■ WHAT YOU SHOULD DO
Pictures stay out of the copy, and everything else in the data below is repeated exactly.

■ INFORMATION SUPPLIED

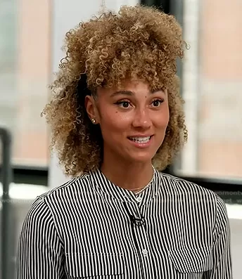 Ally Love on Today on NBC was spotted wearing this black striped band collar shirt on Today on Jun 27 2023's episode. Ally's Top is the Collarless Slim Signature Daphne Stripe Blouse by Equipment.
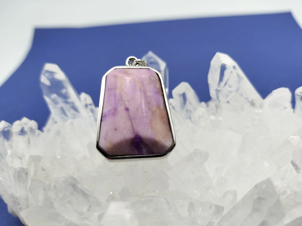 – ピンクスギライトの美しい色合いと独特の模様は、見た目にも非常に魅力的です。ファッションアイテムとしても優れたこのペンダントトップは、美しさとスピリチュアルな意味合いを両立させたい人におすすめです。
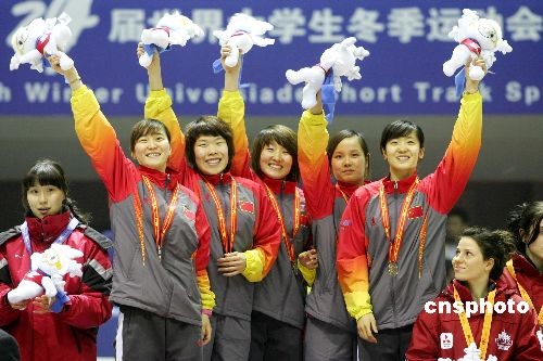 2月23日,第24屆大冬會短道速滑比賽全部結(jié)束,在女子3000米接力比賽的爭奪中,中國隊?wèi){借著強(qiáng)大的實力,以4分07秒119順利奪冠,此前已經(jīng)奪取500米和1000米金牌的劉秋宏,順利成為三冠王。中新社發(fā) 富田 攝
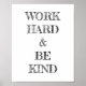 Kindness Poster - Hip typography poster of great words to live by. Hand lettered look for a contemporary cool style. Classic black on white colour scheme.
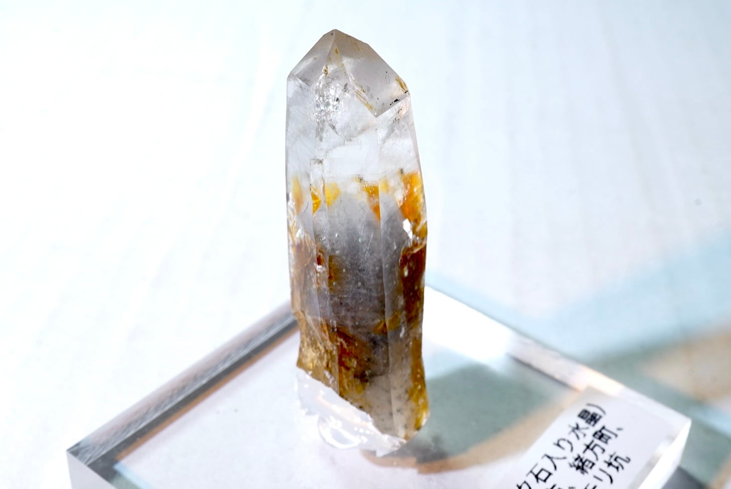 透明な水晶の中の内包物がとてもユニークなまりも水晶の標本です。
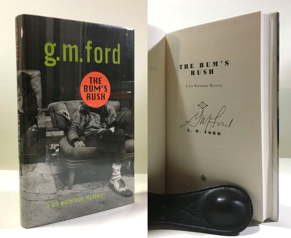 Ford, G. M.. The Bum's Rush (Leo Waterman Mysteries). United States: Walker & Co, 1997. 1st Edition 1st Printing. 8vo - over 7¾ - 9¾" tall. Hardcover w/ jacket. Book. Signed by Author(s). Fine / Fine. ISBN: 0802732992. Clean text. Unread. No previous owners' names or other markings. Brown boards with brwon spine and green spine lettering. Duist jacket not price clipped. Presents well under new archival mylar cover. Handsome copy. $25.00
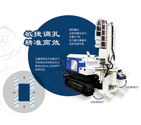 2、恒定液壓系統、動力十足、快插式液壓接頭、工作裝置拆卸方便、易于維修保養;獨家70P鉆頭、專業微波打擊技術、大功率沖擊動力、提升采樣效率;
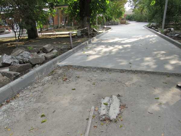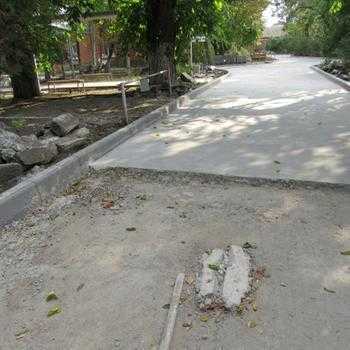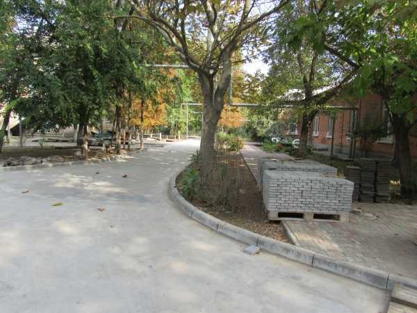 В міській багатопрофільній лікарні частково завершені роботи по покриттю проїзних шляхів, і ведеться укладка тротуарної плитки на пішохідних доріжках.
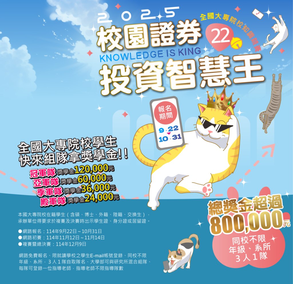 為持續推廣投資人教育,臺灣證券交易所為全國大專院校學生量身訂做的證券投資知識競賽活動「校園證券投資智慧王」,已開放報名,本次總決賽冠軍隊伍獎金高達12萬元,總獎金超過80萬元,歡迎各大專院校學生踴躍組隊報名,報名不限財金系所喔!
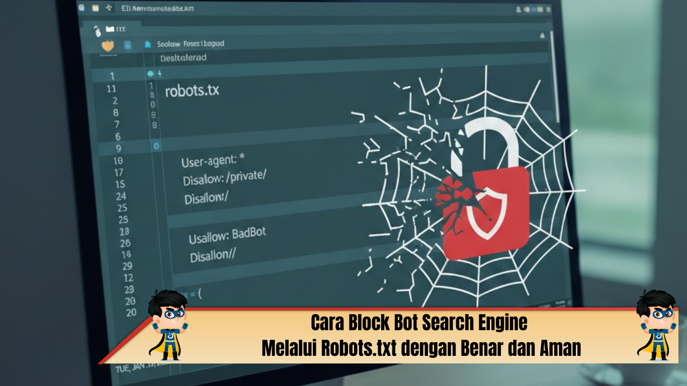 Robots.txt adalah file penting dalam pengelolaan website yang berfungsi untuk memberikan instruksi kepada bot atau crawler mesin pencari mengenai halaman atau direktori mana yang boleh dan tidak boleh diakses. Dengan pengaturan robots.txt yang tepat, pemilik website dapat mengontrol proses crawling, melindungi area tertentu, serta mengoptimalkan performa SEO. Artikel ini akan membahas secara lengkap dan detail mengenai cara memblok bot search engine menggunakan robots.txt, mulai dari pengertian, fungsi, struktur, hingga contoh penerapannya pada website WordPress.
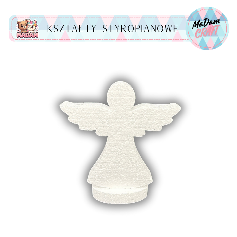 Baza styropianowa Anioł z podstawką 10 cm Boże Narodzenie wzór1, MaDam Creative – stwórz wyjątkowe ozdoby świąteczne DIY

■ OUTPUT OF THE EXERCISE
 Ally Love on Today on NBC was spotted wearing this black striped band collar shirt on Today on Jun 27 2023's episode. Ally's Top is the Collarless Slim Signature Daphne Stripe Blouse by Equipment.
 – ピンクスギライトの美しい色合いと独特の模様は、見た目にも非常に魅力的です。ファッションアイテムとしても優れたこのペンダントトップは、美しさとスピリチュアルな意味合いを両立させたい人におすすめです。
 2月23日,第24屆大冬會短道速滑比賽全部結(jié)束,在女子3000米接力比賽的爭奪中,中國隊?wèi){借著強(qiáng)大的實力,以4分07秒119順利奪冠,此前已經(jīng)奪取500米和1000米金牌的劉秋宏,順利成為三冠王。中新社發(fā) 富田 攝
 Kindness Poster - Hip typography poster of great words to live by. Hand lettered look for a contemporary cool style. Classic black on white colour scheme.
 透明な水晶の中の内包物がとてもユニークなまりも水晶の標本です。
 Ford, G. M.. The Bum's Rush (Leo Waterman Mysteries). United States: Walker & Co, 1997. 1st Edition 1st Printing. 8vo - over 7¾ - 9¾" tall. Hardcover w/ jacket. Book. Signed by Author(s). Fine / Fine. ISBN: 0802732992. Clean text. Unread. No previous owners' names or other markings. Brown boards with brwon spine and green spine lettering. Duist jacket not price clipped. Presents well under new archival mylar cover. Handsome copy. $25.00
 2、恒定液壓系統、動力十足、快插式液壓接頭、工作裝置拆卸方便、易于維修保養;獨家70P鉆頭、專業微波打擊技術、大功率沖擊動力、提升采樣效率;
 В міській багатопрофільній лікарні частково завершені роботи по покриттю проїзних шляхів, і ведеться укладка тротуарної плитки на пішохідних доріжках.
 為持續推廣投資人教育,臺灣證券交易所為全國大專院校學生量身訂做的證券投資知識競賽活動「校園證券投資智慧王」,已開放報名,本次總決賽冠軍隊伍獎金高達12萬元,總獎金超過80萬元,歡迎各大專院校學生踴躍組隊報名,報名不限財金系所喔!
 Robots.txt adalah file penting dalam pengelolaan website yang berfungsi untuk memberikan instruksi kepada bot atau crawler mesin pencari mengenai halaman atau direktori mana yang boleh dan tidak boleh diakses. Dengan pengaturan robots.txt yang tepat, pemilik website dapat mengontrol proses crawling, melindungi area tertentu, serta mengoptimalkan performa SEO. Artikel ini akan membahas secara lengkap dan detail mengenai cara memblok bot search engine menggunakan robots.txt, mulai dari pengertian, fungsi, struktur, hingga contoh penerapannya pada website WordPress.
 Baza styropianowa Anioł z podstawką 10 cm Boże Narodzenie wzór1, MaDam Creative – stwórz wyjątkowe ozdoby świąteczne DIY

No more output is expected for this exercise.